The LLM Mesh enables organizations to efficiently build enterprise-grade applications while addressing concerns related to cost management, compliance, and technological dependencies. It also enables choice and flexibility among the growing number of models and providers.
We’re thrilled to be joined by our LLM Mesh Launch Partners Snowflake, NVIDIA, Pinecone, and AI21 Labs as we address the critical need for an effective, scalable, and secure platform for integrating LLMs in the enterprise. The full list of Dataiku’s LLM Mesh integrations include:
Hosted LLM API Services:
- AI21 Labs
- Azure OpenAI Service
- Google Vertex AI
- AWS Bedrock
Self-Hosted Private LLM:
- Hugging Face (Llama2, Falcon, Dolly 2, MPT, and other fully-private LLMs)
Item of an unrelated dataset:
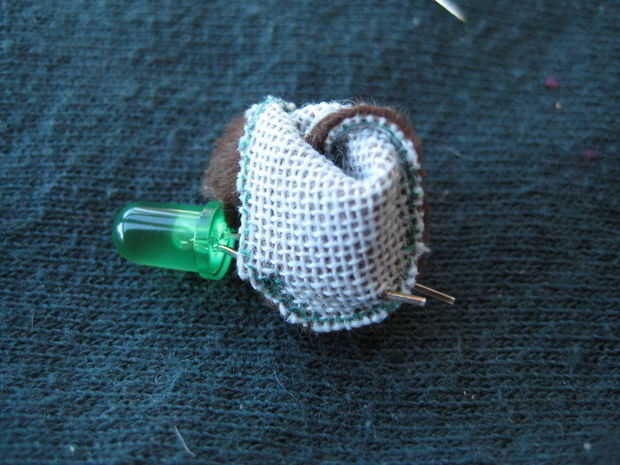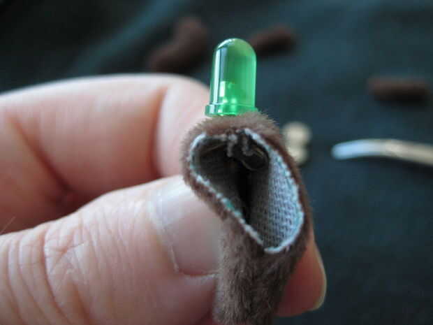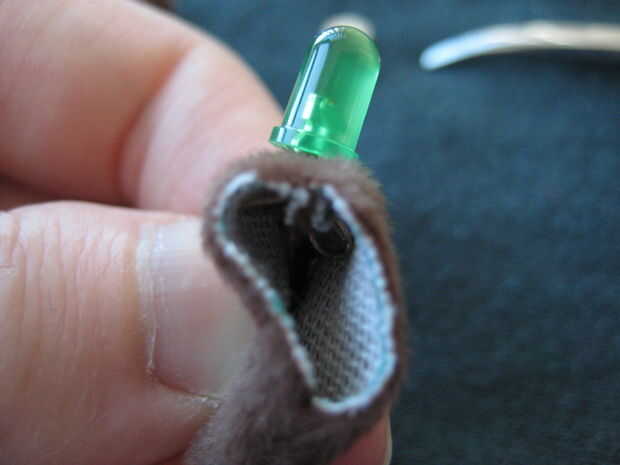El LED se une al cuerpo, empujando a los conductores a través de la tela en el cuello.

This article summarizes core challenges that the LLM Mesh answers (namely, managing safety, performance, and cost), the main benefits organizations can drive by leveraging it, and how Dataiku enables organizations to build and deploy enterprise-grade Generative AI applications via the LLM Mesh.
Overcome Generative AI Roadblocks With the LLM Mesh
To build Generative AI applications that generate both short-term and sustained value, analytics and IT teams need to surpass several key challenges. The LLM Mesh was designed to address:
Choice and Dependency: Application builders have a growing choice of models from different providers at their disposal. This is a good thing: Different models and providers allow organizations to choose a model and service that best suits the cost, performance, and security needs of a given application. Given the fast-moving landscape, teams will benefit from keeping their choices open versus falling victim to lock in. However, if the application is "hardwired" to the underlying model or service, this makes testing different models difficult in the design phase and creates a dependency that can be difficult and expensive to break once the application is deployed into production.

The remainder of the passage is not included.